This RFC is the beginning of an effort to clean the GPU dialect and strengthen its semantics.
Currently the GPU dialect is filled with operations that don’t really belong to the dialect. This RFC proposes removing them from gpu via one of three alternatives:
Creating new dialects to host them.
Moving them to an existing dialect where they make more sense.
Removing them from the monorepo if no one shows interest in maintaining them upstream.
NOTE: This is only a proposal, and one possible outcome is to keep some or all the ops in the dialect.
Why?
The MLIR charter RFC established a project best effort mandate to: check dialects status, improve documentation, and productivize dialects. Currently, the first sentence in the GPU dialect docs is:
Note: this dialect is more likely to change than others in the near future; use with caution.
IMO, we have abused of this experimental note, and as a result the dialect has been expanded beyond its original description to include operations that are not semantically aligned with the dialect.

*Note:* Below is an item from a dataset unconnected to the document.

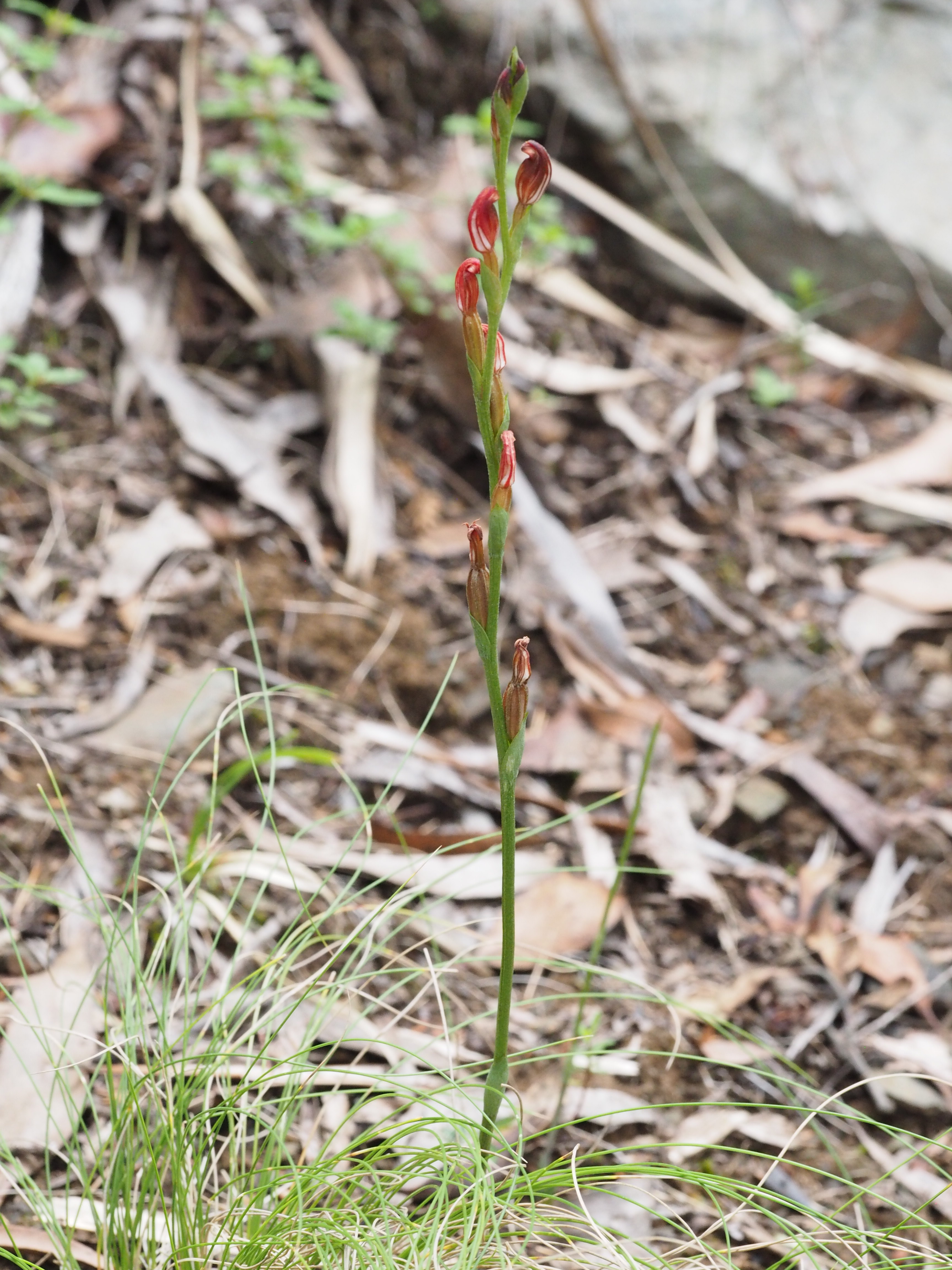 Pterostylis amabilis growing near Wright's Lookout in the New England National Park

This dialect provides middle-level abstractions for launching GPU kernels following a programming model similar to that of CUDA or OpenCL…
Its goal is to abstract away device- and driver-specific manipulations to launch a GPU kernel and provide a simple path towards GPU execution from MLIR…
This dialect also abstracts away primitives commonly available in GPU code, such as with gpu.thread_id…
The criteria I used for selecting which operations to remove is:
The operations don’t conform to the dialect description.
The operations seem to be used by just one particular target, or legacy code.
Removal proposal
Each of the following groups should be considered a unit to be removed by one of the above alternatives.
My initial proposal for this set is to create a sparse or sparse.gpu dialect. However, if no one is interested in maintining the dialect then removal is the next best choice.
As far as I could tell, these ops are on some legacy paths or used by SPIR-V. If SPIR-V folks are interested in them, we could find them a place in a different dialect.
My initial reaction is a -1 to, at least, the removal part of the proposal, mainly because the RFC does not very clearly motivate why the changes are needed (other than the somewhat vague “an effort to clean the GPU dialect and strengthen its semantics”). And if changes are needed indeed, I would prefer to keep this functionality alive through a new sparse gpu dialect.
But, of course, the community should chime in as well. I am, quite often, told, offline, that people are building on top of the sparse dialect and how much they appreciate all the work that has been done by the MLIR Sparsifier Team in the past. However, in situations like this, it would be nice if people speak out more publicly in favor of keeping sparse functionality by stating active use cases.
What’s the issue with Subgroup MMA operations? They are portable across GPUs, they have intrinsics in LLVM level. They provide little to no value on NVIDIA architectures. That said, they do exist in the CUDA ecosystem.
The dialect currently states…
This dialect provides middle-level abstractions for launching GPU kernels following a programming model similar to that of CUDA or OpenCL. It provides abstractions for kernel invocations (and may eventually provide those for device management) that are not present at the lower level (e.g., as LLVM IR intrinsics for GPUs)
Thanks @fabianmc, this is a good initiative, I support making the GPU dialect more focused on its goals. It seems that one addition at a time, it scoped creep into a mix of things that is hard to disentangle right now.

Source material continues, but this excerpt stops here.